Re: [ceph-users] osds crashing during hit_set_trim and hit_set_remove_all

2017-03-07 Thread kefu chai
On Tue, Mar 7, 2017 at 3:30 PM, kefu chai  wrote:
> On Fri, Mar 3, 2017 at 11:40 PM, Sage Weil  wrote:
>> On Fri, 3 Mar 2017, Mike Lovell wrote:
>>> i started an upgrade process to go from 0.94.7 to 10.2.5 on a production
>>> cluster that is using cache tiering. this cluster has 3 monitors, 28 storage
>>> nodes, around 370 osds. the upgrade of the monitors completed without issue.
>>> i then upgraded 2 of the storage nodes, and after the restarts, the osds
>>> started crashing during hit_set_trim. here is some of the output from the
>>> log.
>>> 2017-03-02 22:41:32.338290 7f8bfd6d7700 -1 osd/ReplicatedPG.cc: In function
>>> 'void ReplicatedPG::hit_set_trim(ReplicatedPG::RepGather*, unsigned int)'
>>> thread 7f8bfd6d7700 time 2017-03-02 22:41:32.335020
>>> osd/ReplicatedPG.cc: 10514: FAILED assert(obc)
>>>
>>>  ceph version 0.94.7 (d56bdf93ced6b80b07397d57e3fa68fe68304432)
>>>  1: (ceph::__ceph_assert_fail(char const*, char const*, int, char
>>> const*)+0x85) [0xbddac5]
>>>  2: (ReplicatedPG::hit_set_trim(ReplicatedPG::RepGather*, unsigned
>>> int)+0x75f) [0x87e48f]
>>>  3: (ReplicatedPG::hit_set_persist()+0xedb) [0x87f4ab]

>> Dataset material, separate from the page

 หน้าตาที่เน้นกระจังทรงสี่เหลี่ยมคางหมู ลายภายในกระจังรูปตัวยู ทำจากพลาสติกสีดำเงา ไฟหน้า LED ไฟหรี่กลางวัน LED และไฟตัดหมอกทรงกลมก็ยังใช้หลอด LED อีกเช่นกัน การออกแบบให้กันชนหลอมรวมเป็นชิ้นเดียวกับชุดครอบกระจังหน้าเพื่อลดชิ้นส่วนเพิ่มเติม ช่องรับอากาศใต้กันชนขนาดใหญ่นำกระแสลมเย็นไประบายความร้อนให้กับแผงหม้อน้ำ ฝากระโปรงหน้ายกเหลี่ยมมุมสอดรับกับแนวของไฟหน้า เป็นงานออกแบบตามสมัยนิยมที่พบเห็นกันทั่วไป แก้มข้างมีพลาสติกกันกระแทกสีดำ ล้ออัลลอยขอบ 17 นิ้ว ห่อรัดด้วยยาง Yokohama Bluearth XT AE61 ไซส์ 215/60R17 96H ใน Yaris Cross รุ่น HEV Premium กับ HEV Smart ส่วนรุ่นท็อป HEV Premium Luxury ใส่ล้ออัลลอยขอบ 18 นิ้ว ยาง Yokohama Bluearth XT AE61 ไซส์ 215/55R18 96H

>>>  4: (ReplicatedPG::do_op(std::tr1::shared_ptr&)+0xe3a) [0x8a0d1a]
>>>  5: (ReplicatedPG::do_request(std::tr1::shared_ptr&,
>>> ThreadPool::TPHandle&)+0x68a) [0x83be4a]
>>>  6: (OSD::dequeue_op(boost::intrusive_ptr,
>>> std::tr1::shared_ptr, ThreadPool::TPHandle&)+0x405) [0x69a5c5]

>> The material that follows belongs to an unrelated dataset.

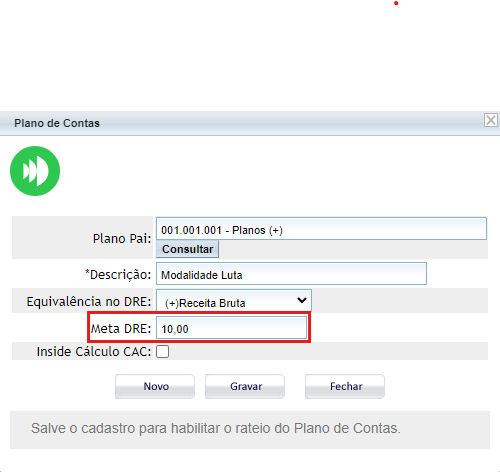 Por Exemplo: a meta estabelecida para este plano de contas é 10%, considerando que a Receita Bruta no DRE é 100 mil, então os valores destinados ao plano que está cadastrando, somados, devem atingir um total 10 mil, para atingir a meta.

>>>  7: (OSD::ShardedOpWQ::_process(unsigned int,
>>> ceph::heartbeat_handle_d*)+0x333) [0x69ab33]
>>>  8: (ShardedThreadPool::shardedthreadpool_worker(unsigned int)+0x86f)
>>> [0xbcd1cf]
>>>  9: (ShardedThreadPool::WorkThreadSharded::entry()+0x10) [0xbcf300]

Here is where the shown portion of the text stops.